- [Directions for this task]: Please return each entry exactly as it appears, but not the pictures.

==========

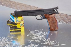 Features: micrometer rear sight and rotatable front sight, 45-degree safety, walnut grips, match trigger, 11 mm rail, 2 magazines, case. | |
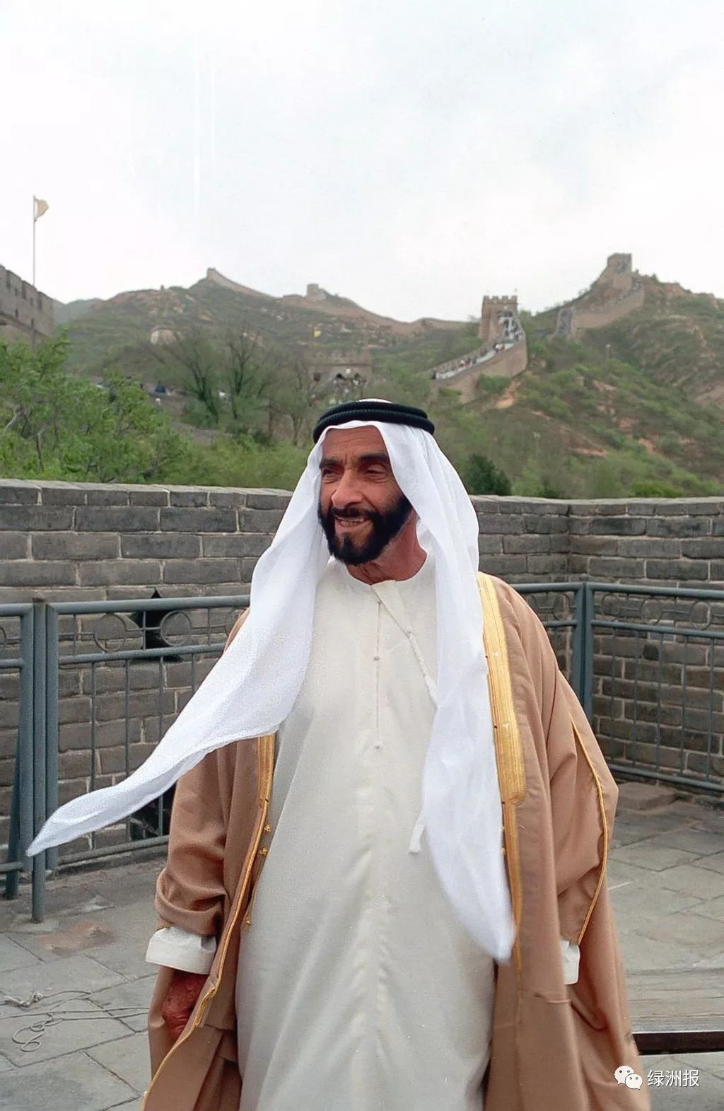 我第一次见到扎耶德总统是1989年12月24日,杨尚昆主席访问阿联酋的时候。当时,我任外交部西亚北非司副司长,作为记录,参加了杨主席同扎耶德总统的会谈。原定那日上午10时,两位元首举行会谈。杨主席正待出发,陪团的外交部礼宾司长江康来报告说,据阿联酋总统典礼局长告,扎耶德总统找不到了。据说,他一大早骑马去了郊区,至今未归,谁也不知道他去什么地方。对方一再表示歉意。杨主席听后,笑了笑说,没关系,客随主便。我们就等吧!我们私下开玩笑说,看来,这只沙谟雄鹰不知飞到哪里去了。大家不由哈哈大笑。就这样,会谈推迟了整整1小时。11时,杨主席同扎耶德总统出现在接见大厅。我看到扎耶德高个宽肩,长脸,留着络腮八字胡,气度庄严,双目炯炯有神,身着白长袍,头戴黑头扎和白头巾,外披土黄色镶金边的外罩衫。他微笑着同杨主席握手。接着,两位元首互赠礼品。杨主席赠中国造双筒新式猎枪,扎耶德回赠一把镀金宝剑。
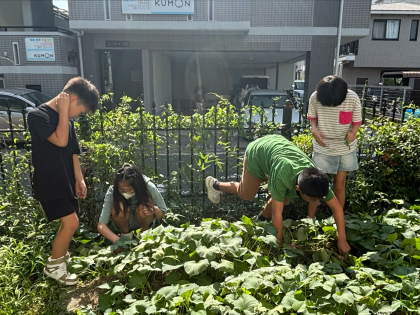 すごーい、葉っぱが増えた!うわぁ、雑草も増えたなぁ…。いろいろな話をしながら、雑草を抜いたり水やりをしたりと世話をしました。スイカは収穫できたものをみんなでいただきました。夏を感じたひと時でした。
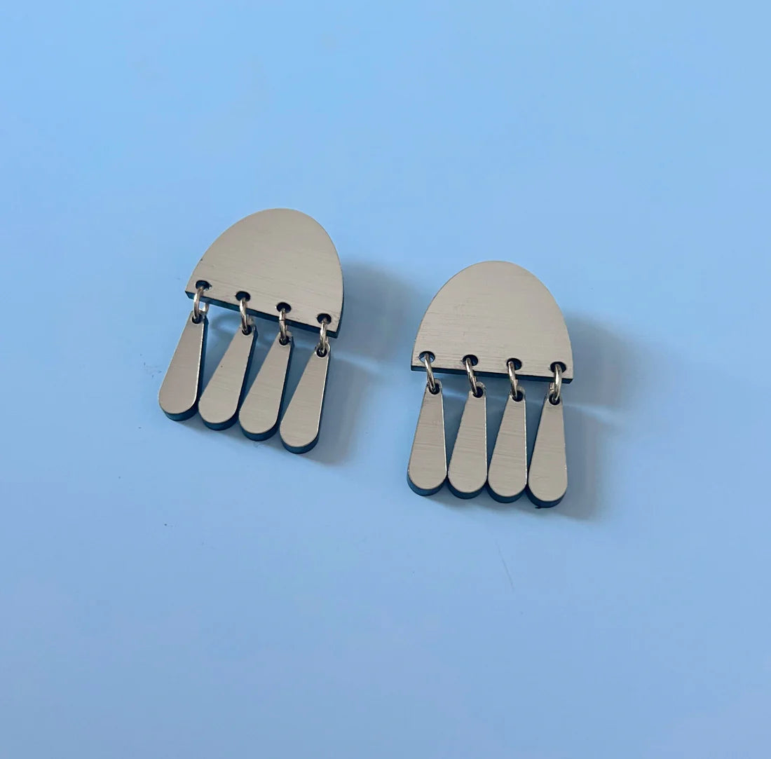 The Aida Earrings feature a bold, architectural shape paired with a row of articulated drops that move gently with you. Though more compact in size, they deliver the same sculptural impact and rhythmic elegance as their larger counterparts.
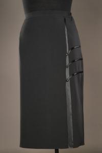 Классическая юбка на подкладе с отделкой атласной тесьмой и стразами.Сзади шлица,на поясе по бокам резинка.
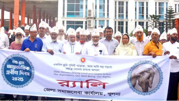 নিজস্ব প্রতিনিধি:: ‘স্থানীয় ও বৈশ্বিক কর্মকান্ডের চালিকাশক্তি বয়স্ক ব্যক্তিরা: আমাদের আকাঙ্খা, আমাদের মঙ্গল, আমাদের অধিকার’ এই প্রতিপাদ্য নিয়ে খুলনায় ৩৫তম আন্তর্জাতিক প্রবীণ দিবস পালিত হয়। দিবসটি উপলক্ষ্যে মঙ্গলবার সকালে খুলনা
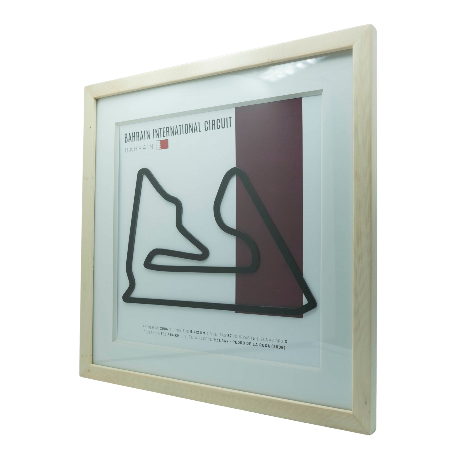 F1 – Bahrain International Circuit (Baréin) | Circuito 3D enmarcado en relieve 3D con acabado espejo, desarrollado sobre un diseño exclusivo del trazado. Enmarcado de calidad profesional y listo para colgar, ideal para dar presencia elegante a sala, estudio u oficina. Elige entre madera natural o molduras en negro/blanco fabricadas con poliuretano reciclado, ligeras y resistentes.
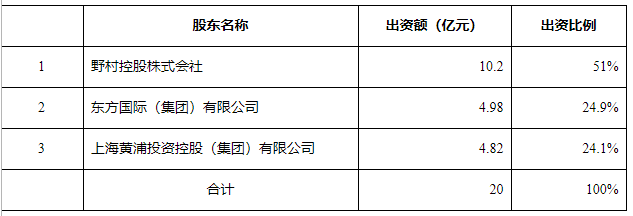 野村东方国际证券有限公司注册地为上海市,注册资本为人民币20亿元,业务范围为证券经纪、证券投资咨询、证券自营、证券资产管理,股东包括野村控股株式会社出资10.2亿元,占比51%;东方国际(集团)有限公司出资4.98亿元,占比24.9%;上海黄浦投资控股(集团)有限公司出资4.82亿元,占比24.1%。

==========

- [Your response]:
 Features: micrometer rear sight and rotatable front sight, 45-degree safety, walnut grips, match trigger, 11 mm rail, 2 magazines, case. | |
 我第一次见到扎耶德总统是1989年12月24日,杨尚昆主席访问阿联酋的时候。当时,我任外交部西亚北非司副司长,作为记录,参加了杨主席同扎耶德总统的会谈。原定那日上午10时,两位元首举行会谈。杨主席正待出发,陪团的外交部礼宾司长江康来报告说,据阿联酋总统典礼局长告,扎耶德总统找不到了。据说,他一大早骑马去了郊区,至今未归,谁也不知道他去什么地方。对方一再表示歉意。杨主席听后,笑了笑说,没关系,客随主便。我们就等吧!我们私下开玩笑说,看来,这只沙谟雄鹰不知飞到哪里去了。大家不由哈哈大笑。就这样,会谈推迟了整整1小时。11时,杨主席同扎耶德总统出现在接见大厅。我看到扎耶德高个宽肩,长脸,留着络腮八字胡,气度庄严,双目炯炯有神,身着白长袍,头戴黑头扎和白头巾,外披土黄色镶金边的外罩衫。他微笑着同杨主席握手。接着,两位元首互赠礼品。杨主席赠中国造双筒新式猎枪,扎耶德回赠一把镀金宝剑。
 すごーい、葉っぱが増えた!うわぁ、雑草も増えたなぁ…。いろいろな話をしながら、雑草を抜いたり水やりをしたりと世話をしました。スイカは収穫できたものをみんなでいただきました。夏を感じたひと時でした。
 The Aida Earrings feature a bold, architectural shape paired with a row of articulated drops that move gently with you. Though more compact in size, they deliver the same sculptural impact and rhythmic elegance as their larger counterparts.
 Классическая юбка на подкладе с отделкой атласной тесьмой и стразами.Сзади шлица,на поясе по бокам резинка.
 নিজস্ব প্রতিনিধি:: ‘স্থানীয় ও বৈশ্বিক কর্মকান্ডের চালিকাশক্তি বয়স্ক ব্যক্তিরা: আমাদের আকাঙ্খা, আমাদের মঙ্গল, আমাদের অধিকার’ এই প্রতিপাদ্য নিয়ে খুলনায় ৩৫তম আন্তর্জাতিক প্রবীণ দিবস পালিত হয়। দিবসটি উপলক্ষ্যে মঙ্গলবার সকালে খুলনা
 F1 – Bahrain International Circuit (Baréin) | Circuito 3D enmarcado en relieve 3D con acabado espejo, desarrollado sobre un diseño exclusivo del trazado. Enmarcado de calidad profesional y listo para colgar, ideal para dar presencia elegante a sala, estudio u oficina. Elige entre madera natural o molduras en negro/blanco fabricadas con poliuretano reciclado, ligeras y resistentes.
 野村东方国际证券有限公司注册地为上海市,注册资本为人民币20亿元,业务范围为证券经纪、证券投资咨询、证券自营、证券资产管理,股东包括野村控股株式会社出资10.2亿元,占比51%;东方国际(集团)有限公司出资4.98亿元,占比24.9%;上海黄浦投资控股(集团)有限公司出资4.82亿元,占比24.1%。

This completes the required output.